Nonrigid structure from motion (NRSfM) refers to the process of recovering 3D coordinates of a nonrigid object from its 2D projections. This technology plays an important role in computer vision applications [1–4]. One prevalent solution for solving this process was considering the deformable object as a linear combination of shape basis. This method worked well for simple motion containing a single action. However, it would be hard to recover the structure of the object when dealing with complex sequences. For this reason, Akhter et al.  introduced a common method that reconstructs the 3D object in trajectory space instead of shape space. This approach did well with long complex motion sequences because these measurement points were not dependent on each other. What is more, since the trajectories of the points of most 3D motion in the real world were some curved lines which were naturally smooth, these trajectories could be modeled with a linear combination of some known curved lines, known as trajectory basis. The appearance of trajectory basis model improved the solutions for recovering nonrigid shape from motion well.
Moreover, experiments also proved that the efficiency of the trajectory basis method relied on two factors: the type of the trajectory basis and the number of bases. And in the selection of trajectory basis, it turned out that the discrete cosine transform (DCT) for Markov was more suitable to be defined as a general basis [6, 7]. However, we should know that, though DCT basis has been proved to be better than the others on the whole, the former could not be suitable for every motion sequence. Another thing, the number of the selected trajectory bases was thought-provoking. Selecting a smaller trajectory basis size might lead to big ignorance of much important information of the motion sequences, while a larger basis size might lead to a large number of unknown factors and the system of equations would be ill-posed. And the former situation might get a bad result, and the latter would be a large waste of time or even could not get the solution of the equations .
(1) Contributions. In general, a solution to 3D point trajectories could be obtained more accurately by reducing the restrictions of the trajectory basis. This paper introduces applying sparse coding algorithms to the NRSfM problem. In this process, a set of overcomplete bases called atonic dictionary was predefined to represent the deformable object with sparse coefficients.
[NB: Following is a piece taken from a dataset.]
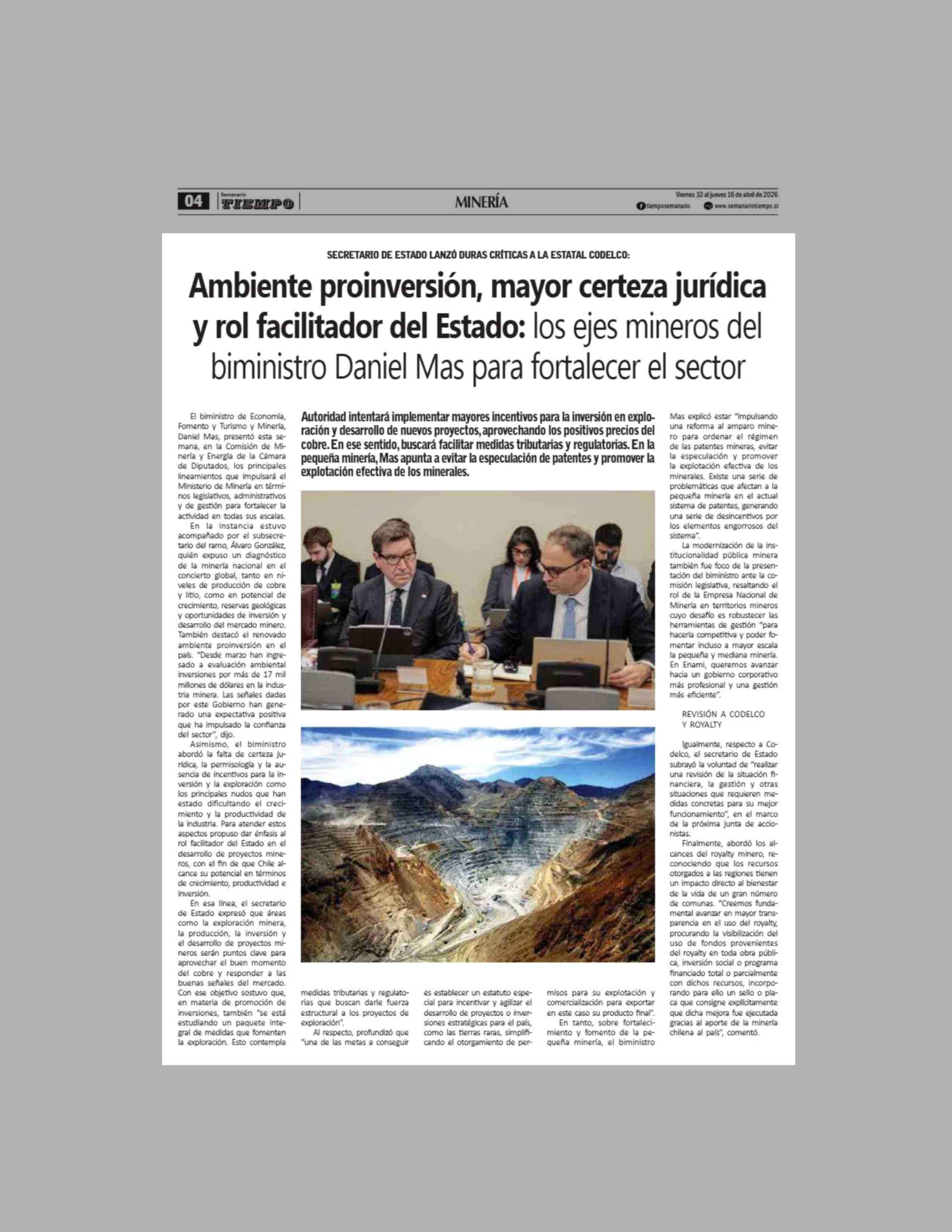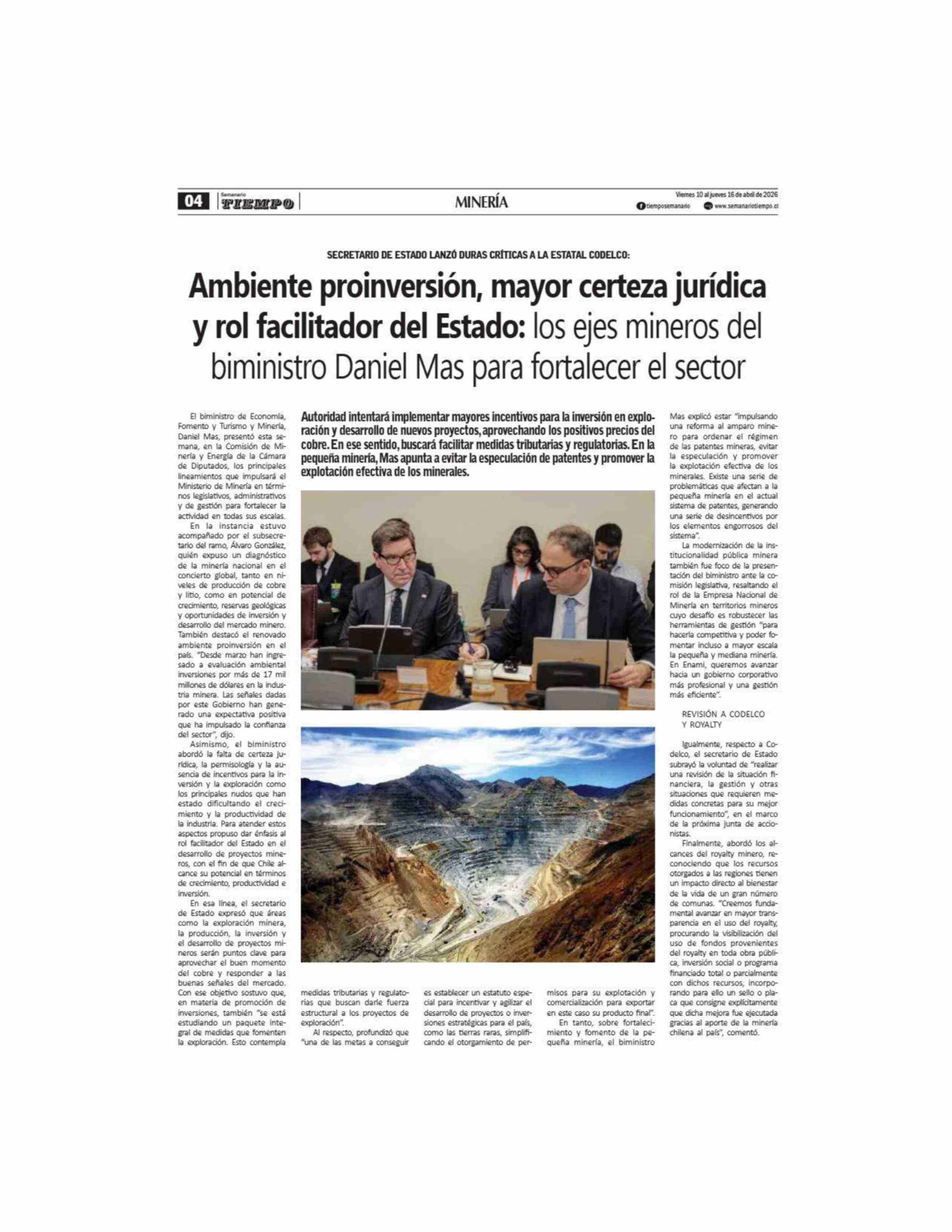 Título: Ambiente proinversión, mayor certeza jurídica y rol facilitador del Estado: los ejes mineros del biministro Daniel Mas para fortalecer el sector
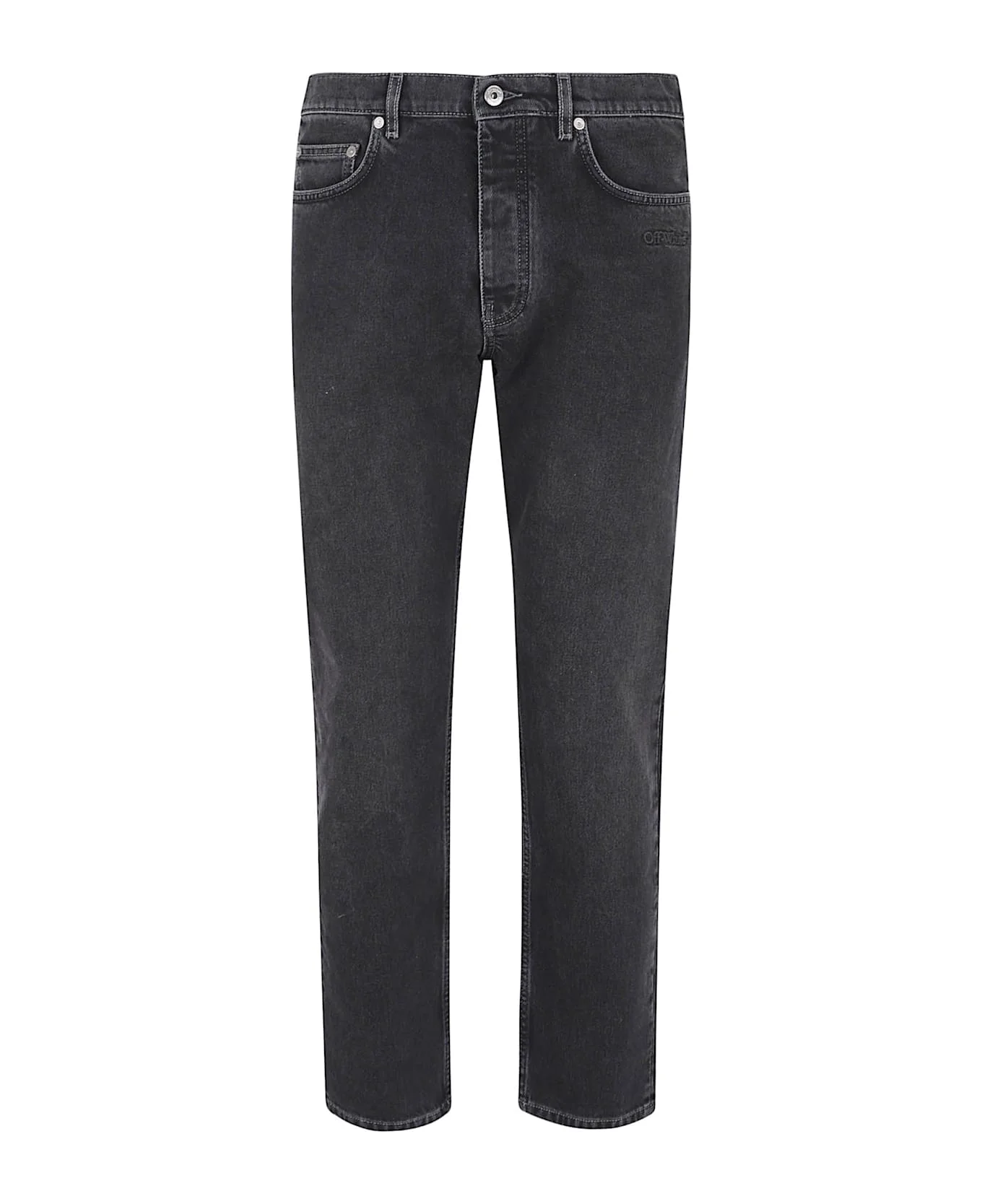 Black logo detail, five pockets, button and zip closure. Made in: Italy Color: Black Model number: OMYA175F25DEN0011310

An advantage of the sparse coding approach is that it is not restricted to only one trajectory basis function and may be generated by two or more incoherent basis functions. It is very useful to recover the trajectory curves which consist of some different types of bases functions. What is more, since the goal of sparse approximation is to represent trajectory sequences as a sparse combination of all atoms, there is no need to predefine the number of trajectory bases.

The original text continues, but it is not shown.